One hypothesis is ‘purchasing power parity’. For example, suppose that the same CD can be bought in the UK for £8 and in the USA for $12. It seems reasonable to believe that £8 should be equal in value to $12 (or £1 to $1.50). If the £/US $ exchange rate deviates from this level, consumers would rush to buy CDs in the cheaper country (perhaps over the internet), thus exerting pressure to return the exchange rate to its equilibrium level.
Experience tells us that purchasing power parity, at least in this simple form, rarely works. People and companies take factors other than relative prices into account when deciding where to buy goods and services. The costs, risks and feasibility of making the purchase in an overseas territory, indirect taxes such as VAT, and import duties all enter the equation.

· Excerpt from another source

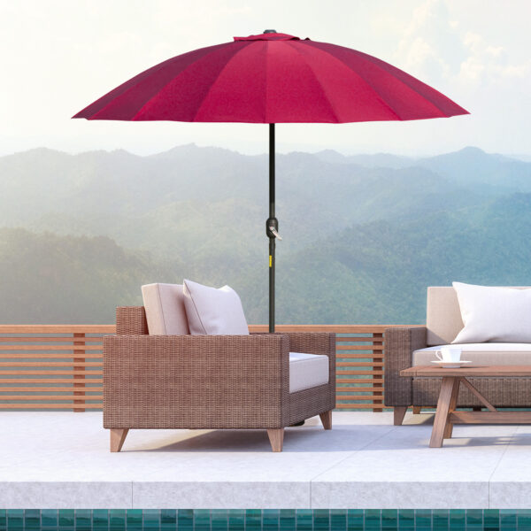 Outsunny ??255cm Patio Parasol Umbrella Outdoor Market Table Parasol with Push Button Tilt Crank and Sturdy Ribs for Garden Lawn Backyard Pool Wine
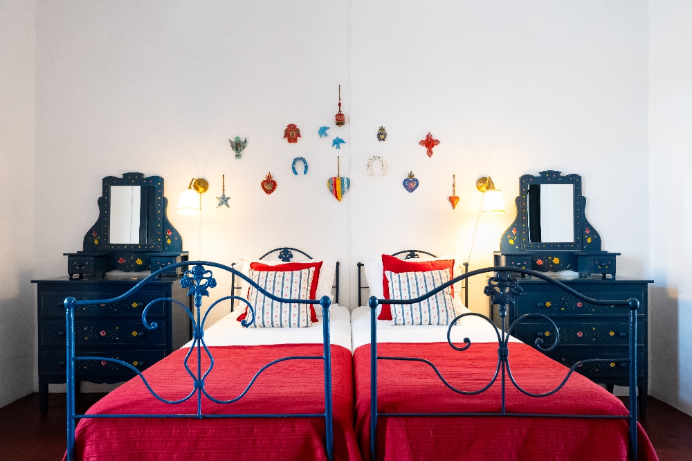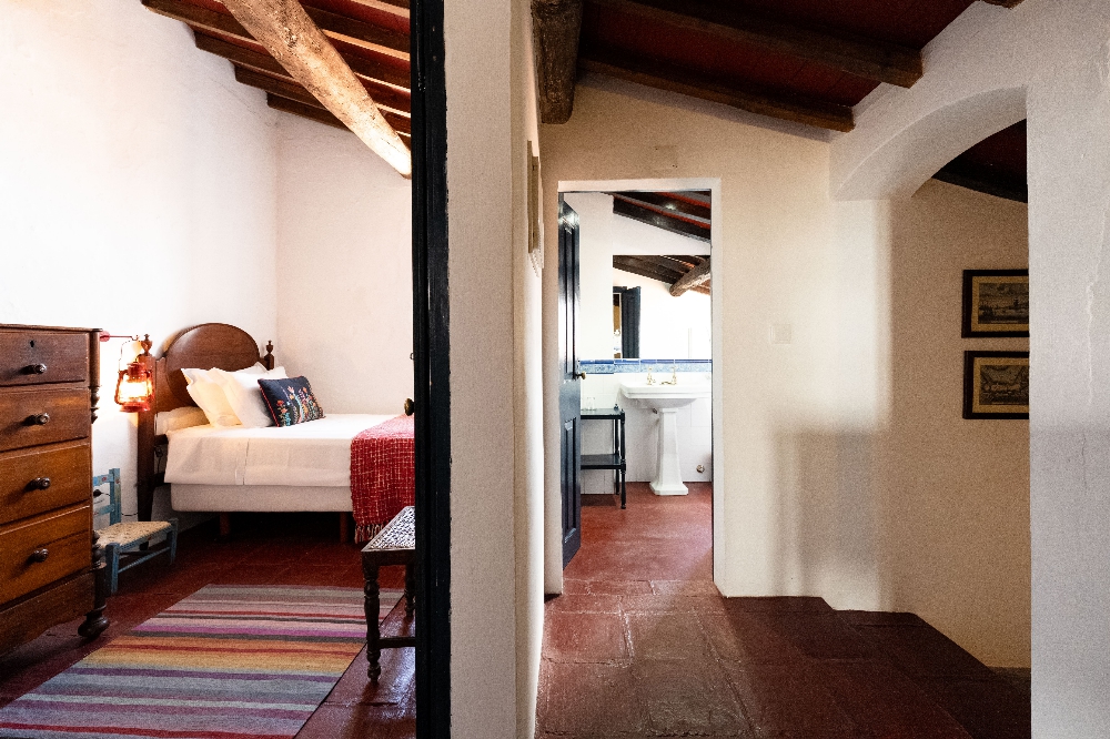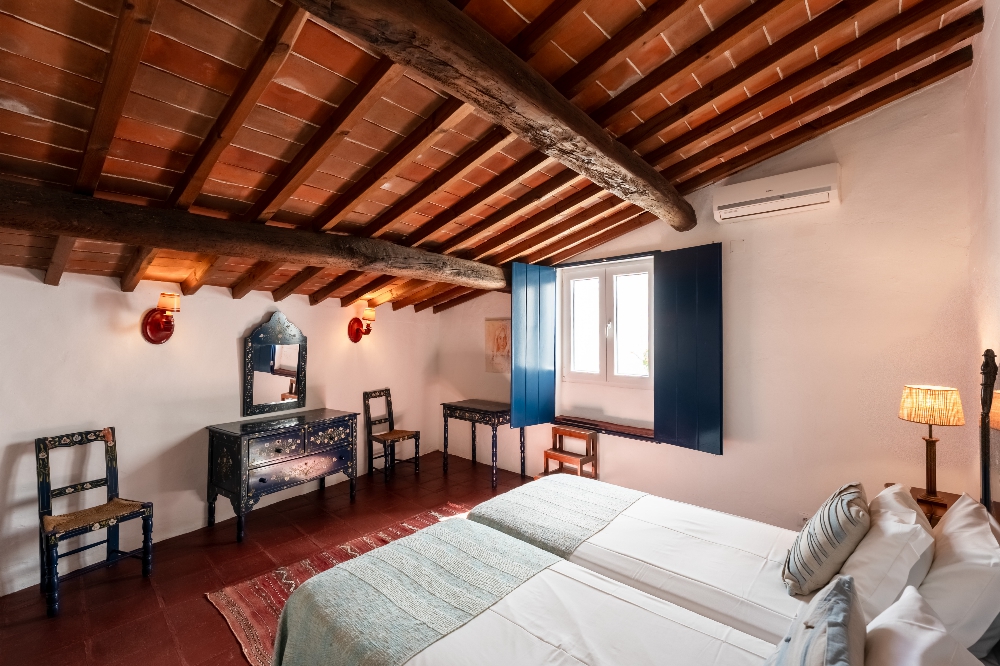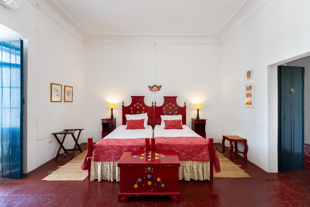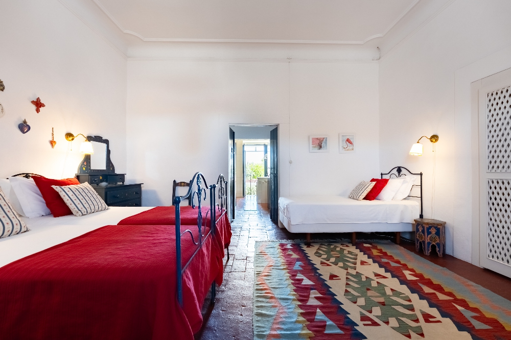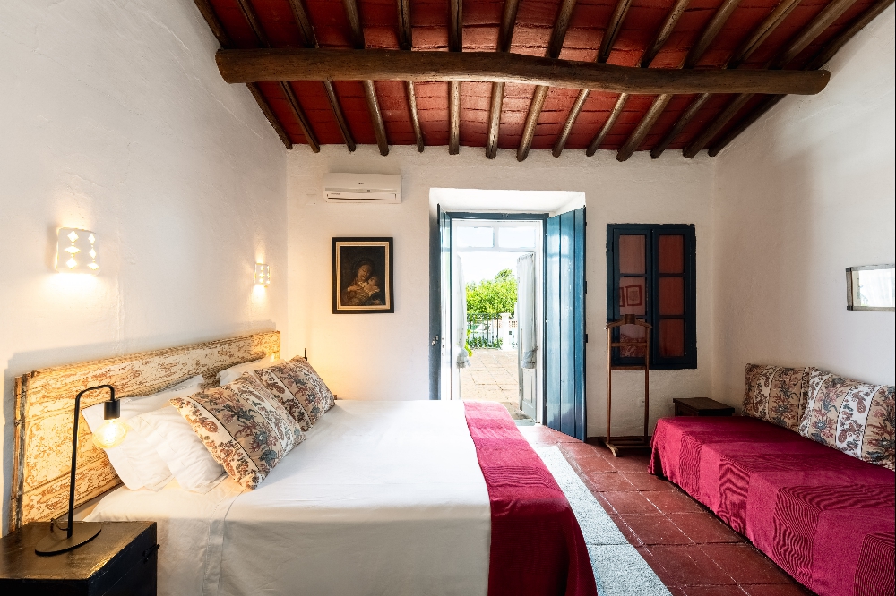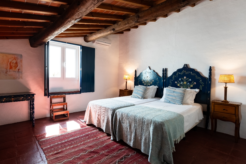 - A Casa dos Condes, situada na vila do Cano, no concelho de Sousel, é uma casa senhorial com mais de cinco gerações de história familiar. São sete quartos, pátios interiores, piscina rodeada por árvores de fruto e uma vivência profundamente ligada ao ritmo local. Entre o galinheiro, o sino da igreja e a cozinha tradicional, a experiência aproxima-se mais de uma estadia prolongada do que de uma simples noite fora. Preços por noite a partir de 82€ (quarto) e 176€ (casa).

Hyperinflationary currencies
In very general terms, however, it does tend to be case that ‘hyperinflationary’ currencies, that is to say the currencies of countries with a high rate of inflation, will have a currency that depreciates in value compared to that of a currency with stable and modest rates of inflation. This is particularly the case over the longer term.
For instance, persistent hyperinflation in Argentina had a massive impact on the value of the Argentina Peso relative to the US dollar over an entire century. At the end of 1917 one US dollar was equivalent to about 2.1 Argentine pesos. At the end of 2017 one US dollar was equivalent to about 18 pesos, but the definition of the Peso changed several time during the century such that one 2017 peso was the equivalent of 10,000,000,000,000 1917 pesos, so over the century, the relative value of the Argentine currency had been reduced by a factor exceeding 100 trillion - a fall in value averaging more than 30% per year. Interest rates for Argentine Peso borrowing have tended to be correspondingly high.
But, small differences in expected inflation are not reliable predictors of future spot exchange rate movements, nor do they in any direct sense determine forward exchange rates. The ‘random walk’ of the spot rate in response to economic and political news and other factors affecting market sentiment can swamp any systematic trend.